I was really proud of our Equalities Minister Lynne Featherstone for speaking out against the X Factor's decision to show some fairly sexually explicit performances from Rihanna and Christina Aguilera when they knew perfectly well that young children would be watching. Her remarks were quite balanced:

It was a bit much because so many young kids – seven and eight-year-olds – watch it.’
She's not saying that nobody should watch it, just that it should not be on a family show.

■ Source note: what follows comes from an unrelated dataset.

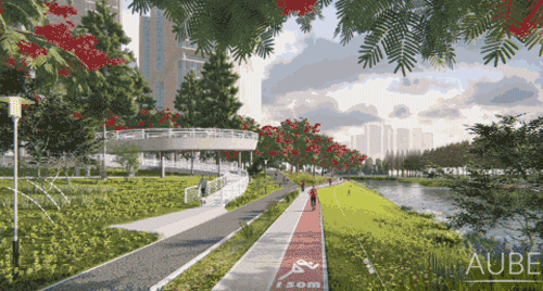 以自然生态为基底,借势于场地高差、水系打造示范性大海绵体系,将人、动植物、自然环境融合,打造可观、可游、可玩的城市低碳生活滨水带。

I was interested in the comments of psychologist Dr Linda Papadopoulos in the same show:

'What is happening is that sex seems to have become the most important thing. Christina Aguilera and Rihanna are very talented singers and yet the whole performance is not about skill, it is about being sexy.
‘Children are being bombarded with the message that being sexy and being sexual is the way to be appreciated or to be validated. This is a terrible message to be sending out.’
I wrote last year about my concerns about strippers appearing on Britain's Got Talent. I don't mind what adults watch, but programmes broadcast in the early evening, with a family audience, should not contain such explicit material. It does no favours to either our young boys or girls to give out the message that women are there to be sexual playthings for the entertainment of men.

Lynne argued earlier this year against Made in Dagenham, a film about the fight for equal pay, being given a 15 certificate because of a few incidences of the word that rhymes with duck. Why am I not surprised that Burlesque, a film about a young girl going to LA and working in a Burlesque club, gets a 12A? Why should you need to wait till you're 15 to see a film about women fighting for equality while a film which is much more disrespectful to women gets a 12?

2 comments:

Andy said...

Because film classifications are not based on themes or moral messages. Do you think they should be?

Unknown said...

I think there is an inconsistency when a film with significant sexual content, or depiction of women in a certain way gets a lower age rating than a film with a few F words.

I think it shows that somewhere our priorities are very wrong.